## WHAT THE TASK ASKS
What you return should be only the lines starting at the one that contains "Βλέπουμε ότι σε" and running to the end of the listing, exactly as written, minus any pictures.
── DATA BELOW
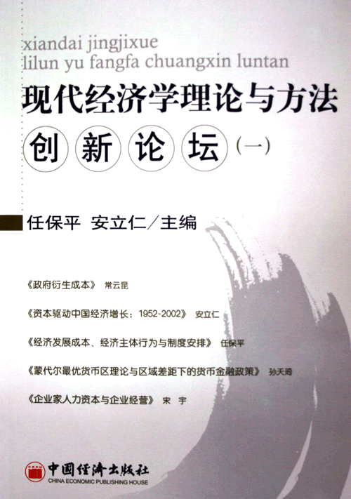 《现代经济理论与方法创新论坛(一)》是以永利官网经济学系、永利yl23411no1国家经济学基础人才培养基地和经济增长与计量研究所主办的“现代经济理论与方法创新论坛”讲稿为主体的一本论文集,由任保平教授、安立仁教授担任主编。该论坛以理论创新和方法创新为主体,重在普及和推广现代经济学的研究方法,培养学生的理论研究兴趣。该论坛举办一年多来,在学生与教师中产生了重要影响,论文被引用、转载的次数不断增多。第五届中国经济学年会收录永利官网6篇论文,其中4篇出自该论坛。该书为该论坛出版的第一本文集,收录有永利官网及全国著名学者的文章,文章质量较高,研究方法规范,既推广了现代经济理论与方法,又提高了永利官网经济学研究的科学化与规范化。
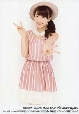 生写真(ハロプロ)/アイドル/モーニング娘。 モーニング娘。/石田亜佑美/膝上・衣装ピンク白・帽子・両手ピース/「モーニング娘。コンサートツアー2013春 ミチシゲ☆イレブンSOUL ~田中れいな卒業記念スペシャル~in日本武道館」ライブ・ビューイング開催記念フォトバッグB
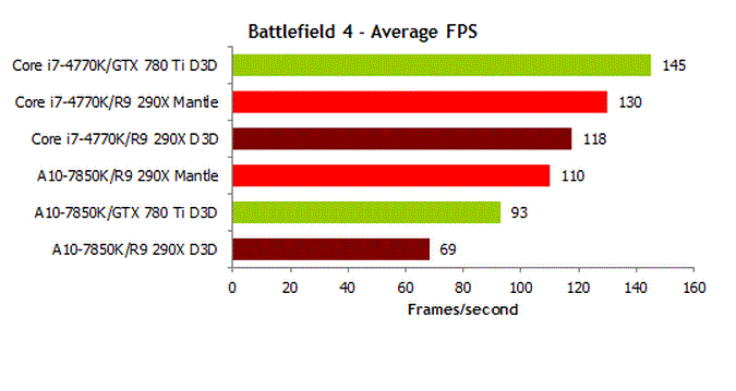 Βλέπουμε ότι σε περιπτώσεις GPU Bound, το Mantle δημιουργεί μια διαφορά των 12 frames, ενώ σε περιπτώσεις CPU Bound η διαφορά αγγίζει τα 41 frames. Ακόμη παρατηρούμε ότι στην περίπτωση του CPU Bound η 780 Ti συμπεριφέρεται καλύτερα από την R9 290X, όχι όμως και όταν χρησιμοποιείται το Mantle. Επιπλέον σε κατάσταση GPU Bound, το Mantle βοηθάει την R9 290X να φθάσει την 780 Ti με μια διαφορά που ανέρχεται μόλις στα 15 frames.
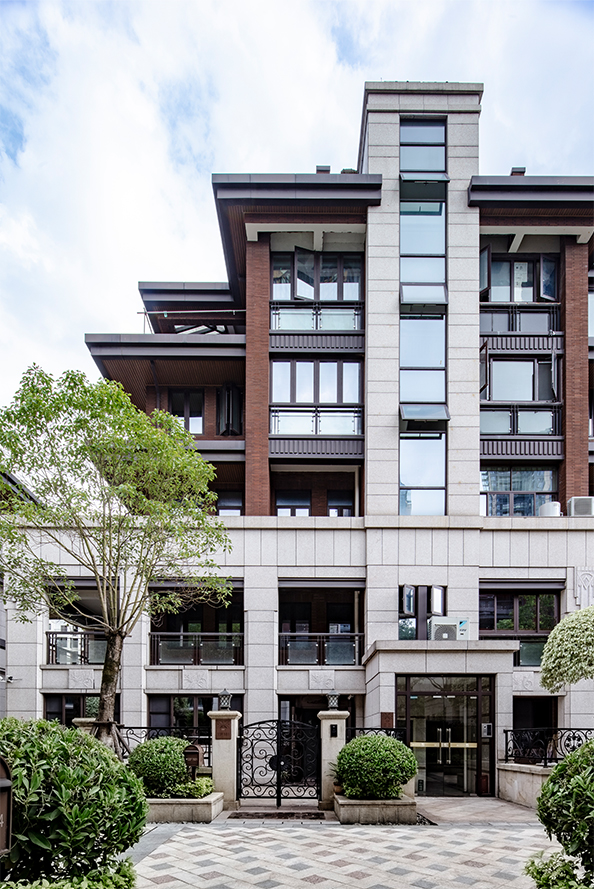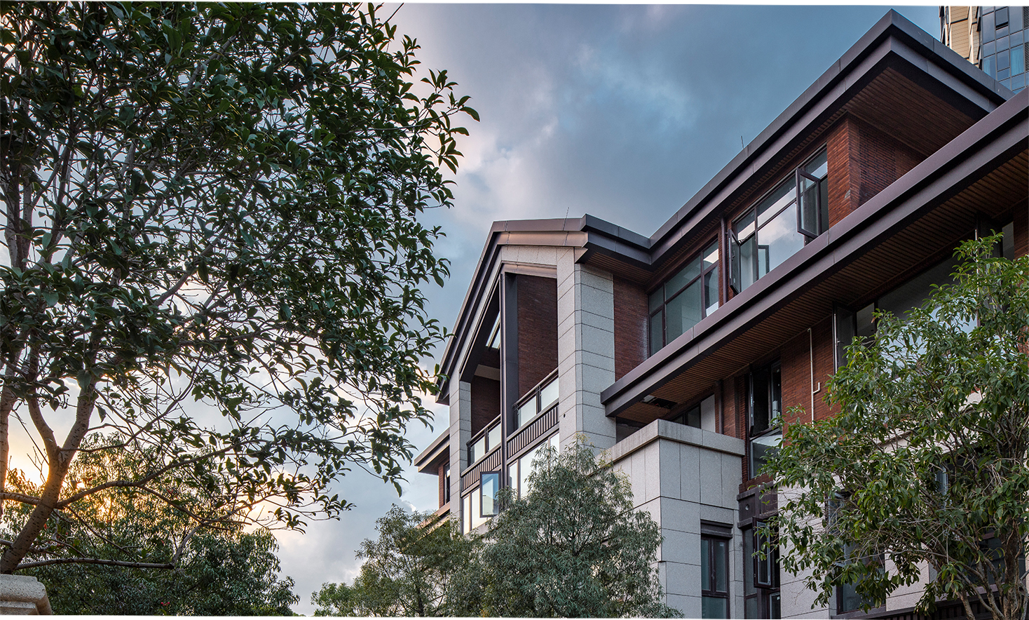 別墅區(qū)外立面選用"賴特草原風格",厚重的石材基座、磚紅色條磚、大尺度外挑的四坡頂均是風格重要的建筑語言??紤]到項目都市核心區(qū)域,立面設計中在風格基礎上多增加了建筑細部的處理,檐口的細部、檐底的木飾面、基座的石材細節(jié),讓"草原風格"別墅狂野的個性有所收斂。
────
## FINAL ANSWER
 Βλέπουμε ότι σε περιπτώσεις GPU Bound, το Mantle δημιουργεί μια διαφορά των 12 frames, ενώ σε περιπτώσεις CPU Bound η διαφορά αγγίζει τα 41 frames. Ακόμη παρατηρούμε ότι στην περίπτωση του CPU Bound η 780 Ti συμπεριφέρεται καλύτερα από την R9 290X, όχι όμως και όταν χρησιμοποιείται το Mantle. Επιπλέον σε κατάσταση GPU Bound, το Mantle βοηθάει την R9 290X να φθάσει την 780 Ti με μια διαφορά που ανέρχεται μόλις στα 15 frames.
 別墅區(qū)外立面選用"賴特草原風格",厚重的石材基座、磚紅色條磚、大尺度外挑的四坡頂均是風格重要的建筑語言??紤]到項目都市核心區(qū)域,立面設計中在風格基礎上多增加了建筑細部的處理,檐口的細部、檐底的木飾面、基座的石材細節(jié),讓"草原風格"別墅狂野的個性有所收斂。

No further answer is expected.